◆ **Problem requirements**:
Leave the pictures out. Return the rest of the listing below exactly.

------------------------------------------------------------------------

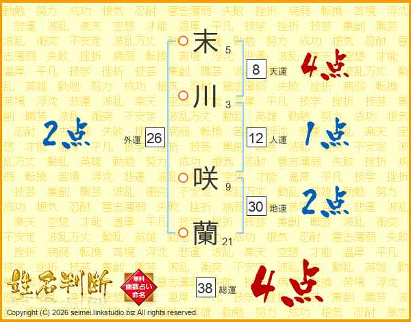 末(5画)川(3画) 咲(9画)蘭(21画)
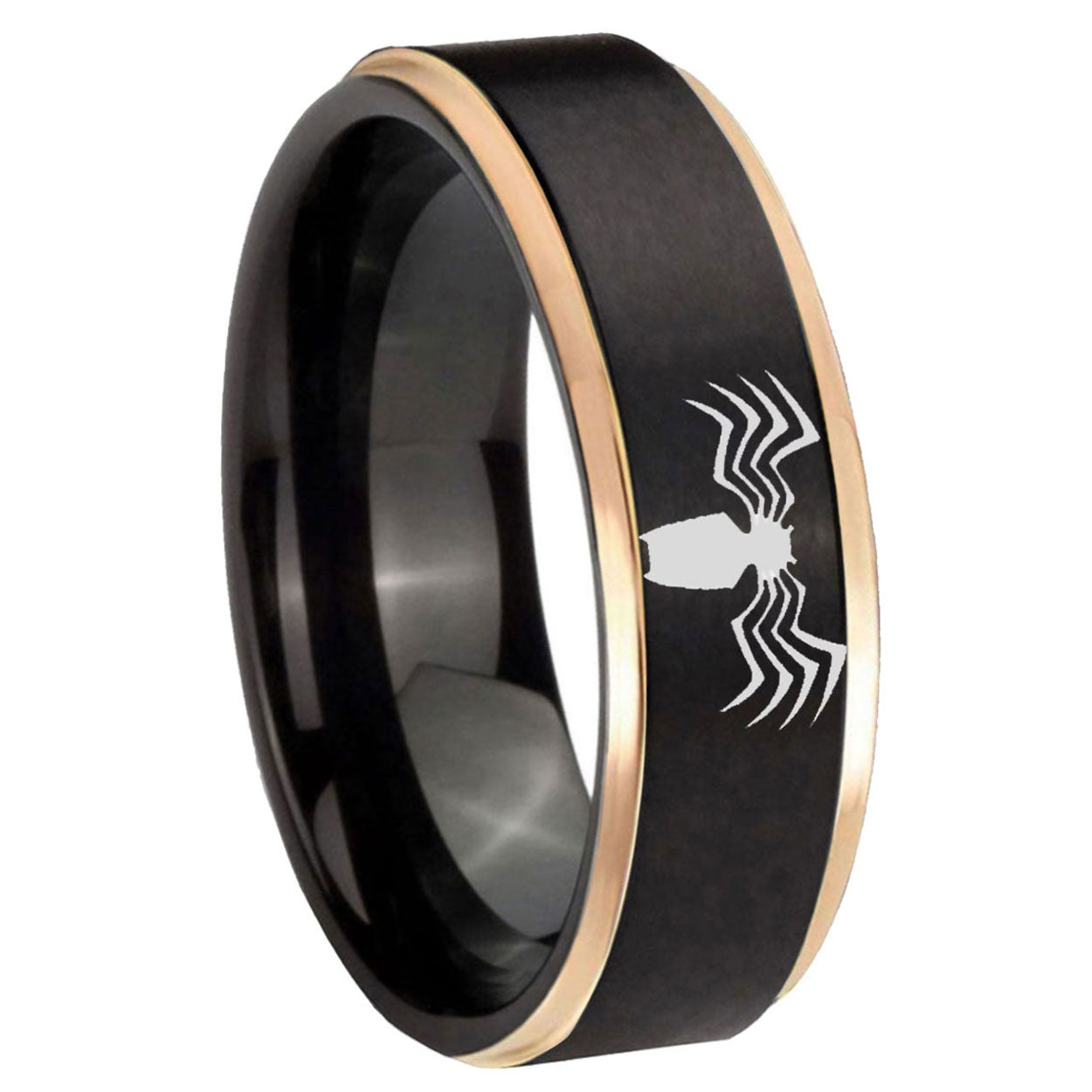 Intruding 6, 8mm Spider Rose Gold Step Edge Black Tungsten Carbide Promise Ring . Offer in both 6mm and 8mm band width black plated finished from size 6 to 14
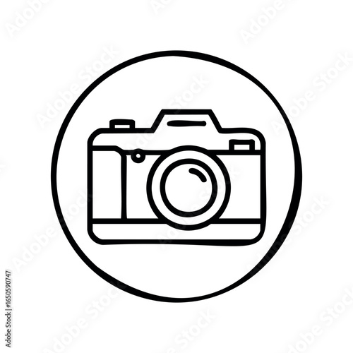 Black and white camera icon in circular border
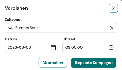 - Wähle das Datum und die Uhrzeit, zu der die Kampagne gesendet werden soll.
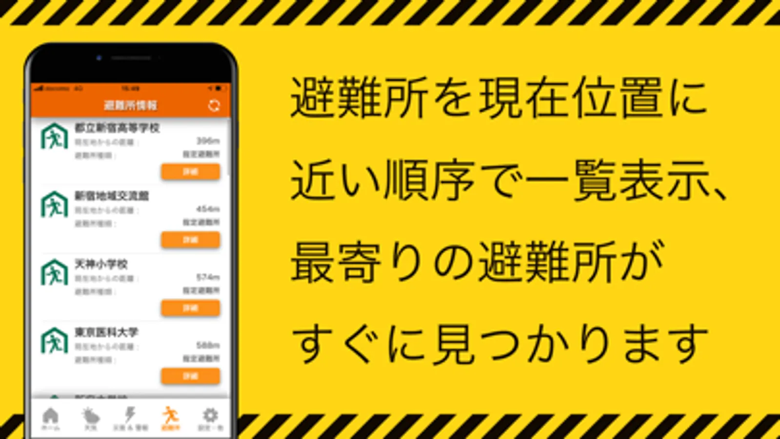 ・あなたが今いる場所(※2)近辺の避難所(※4)のリストを一覧表示します。

------------------------------------------------------------------------

◆ **Solution to this exercise**:
 末(5画)川(3画) 咲(9画)蘭(21画)
 Intruding 6, 8mm Spider Rose Gold Step Edge Black Tungsten Carbide Promise Ring . Offer in both 6mm and 8mm band width black plated finished from size 6 to 14
 Black and white camera icon in circular border
 - Wähle das Datum und die Uhrzeit, zu der die Kampagne gesendet werden soll.
 ・あなたが今いる場所(※2)近辺の避難所(※4)のリストを一覧表示します。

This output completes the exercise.